Algorithm for finding approximate minimum tree that spans a given subset of vertices?

Question

Given a weighted graph and a subset of two vertices in the graph, finding a minimum tree that spans all (both) vertices in the given subset reduces to finding a shortest path between the two vertices in the subset, which can be efficiently computed using standard path finding algorithms such as A^*.

But what if we have more than two vertices in the subset? What if it contains n vertices? Is there an efficient algorithm for finding an approximate minimum tree that spans all those vertices?

I guess this problem is a generalization of both the problem of finding a shortest path between two vertices in a graph and the problem of finding a minimum spanning tree of a graph.

Edit: I realized that this problem is known as the Steiner tree problem, and is apparently NP-complete, so I changed my request for the algorithm to find a minimum such tree to finding an approximate minimum tree.

Answer 1

There is! In fact there are two :) First of all we need to talk about what you are actually asking for. The algorithm you are looking for is an algorithm that finds the minimum spanning tree for any (coherent) graph. MSTs (minimal spanning trees) are trees that give the least weighted coherent tree that connects all points in the graph, using the minimal weight sum of vertices needed. Here is an example :

If you are intrested I recommend you read the wikipedia article https://en.wikipedia.org/wiki/Minimum_spanning_tree

The properties of of MSTs are numerous and a hole topic on its own in graph theorem. I'm not going to go in any further detail, as I just wanted to give some context.

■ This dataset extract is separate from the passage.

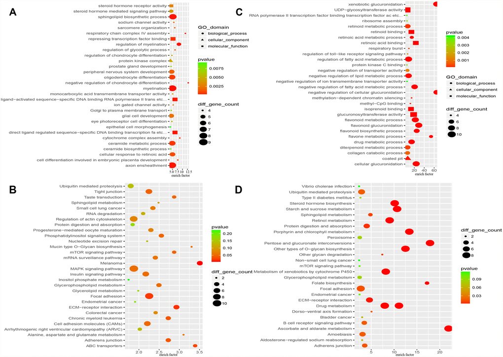 Functional analysis by the Database for Annotation, Visualization and Integrated Discovery (DAVID) indicated that the proteins encoded by the “HO-8910PM-specific gain” genes (479 genes) are involved in the negative regulation of chondrocyte differentiation, respiratory chain complex IV assembly, myelination, the regulation of myelination, axon ensheathment and other processes (Figure 3A). A total of 479 “HO-8910PM-specific gain” genes were uploaded into the Kyoto Encyclopedia of Genes and Genomes (KEGG) database to conduct KEGG analysis. The significantly enriched KEGG terms were pathways in melanoma, the ECM-receptor interaction, focal adhesion, ABC transporters, adherens junctions, and others (Figure 3B). The proteins encoded by the “HO-8910PM-specific loss” genes (400 genes) displayed significant enrichment for xenobiotic glucuronidation, the negative regulation of cellular glucuronidation, flavonoid glucuronidation, glucuronosyl-transferase activity, cellular glucuronidation, and other terms (Figure 3C). The 400 genes were uploaded for KEGG analysis. The significantly enriched KEGG terms were pathways in ascorbate and aldarate metabolism, pentose and glucuronate interconversions, porphyrin and chlorophyll metabolism, other types of O-glycan biosynthesis, drug metabolism, and other terms (Figure 3D).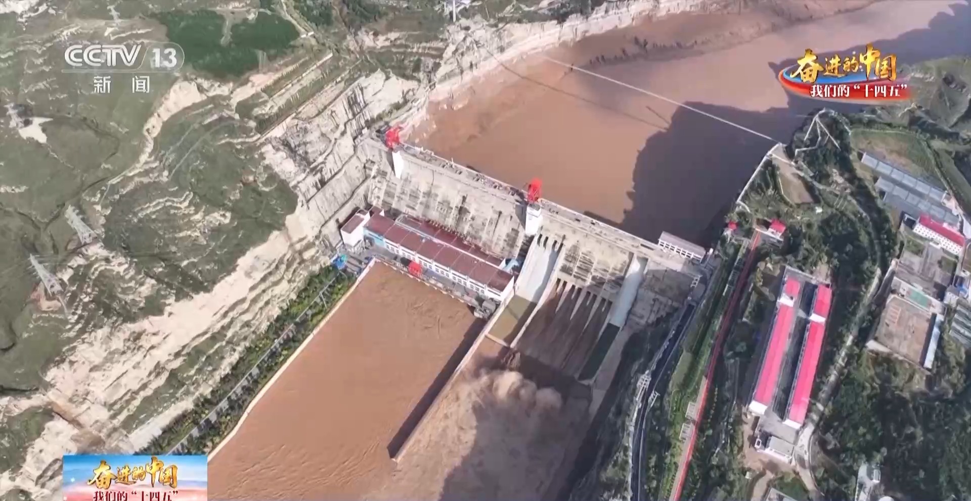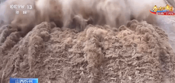 万家寨水利枢纽排沙的8个底孔已经全部打开,黄河水通过25米的落差,携带着泥沙奔涌冲出底孔。

Two algorithms are often used to solve this problem :

1. Prims algorithm Prims algorithm was first discovered by Vojtech Jarnik as early as 1930 and later rediscovered by Prim in 1957 and again rediscoverd by my personal idol Edsger W. Dijkstra in 1959 the alogritmn is called the Prim or Jarnik-Prim or Jarnik-Prim-Dijkstra alogrithm depending on the source. It creates a MST using the following pseudo code

Given : a coherent graph G(V,E) with n vertices
Result : R an MST for the graph G
Algorithm :
set R equal to a graph with one vertex and an empty set of edges
while R has less then n-1 edges repeat : 
    1) choose an edge (u,v) in E with u in R and v not in R and the weight of (u,v) being the         minimal weight of al the edges who have a start point in T but not an endpoint
    2) Add (u,v) to the edges of R together with the vertices v

Here is a visualization :

2) Kuskal's algorithm : An other algorithm a little less known algorithms is Kruskal's algorithm. It achieves exactly the same thing as Prim's algorithm, but it invariant defers and the pseudo code is the following :

    Given : a coherent graph G(V,E) with n vertices
    Result : R an MST for the graph G
    Make R a graph with an empty set of vertices an edges
    while R has less then n-1 edges repeat :
        1) take (u,v) the least weighted edge that does not make a circle in R
        2) add (u,v) to R ass well as their vertices
        // while adding the vertices you shouldnt keep doubles ofcourse

Here is a visualization :

The difference with Prim's algorithm is that Kruskal's algorithm does not have a coherent graph at all times. This is also not specified in the invariant of Kruskal's algorithm. Here is a link to the proof of correctness of both algortihms :

1. Prim : https://home.uncg.edu/cmp/faculty/srtate/330.f16/primsproof.pdf
2. Kruskal : http://people.qc.cuny.edu/faculty/christopher.hanusa/courses/634sp12/Documents/KruskalProof.pdf

Hope this answers your question.

Answer 2

There is no need to look for an approximate algorithm. State-of-the-art software usually finds optimal solutions even for Steiner tree problems with hundreds of thousands of edges. See https://scipjack.zib.de/ for the fastest software (disclaimer: I am one of the developers)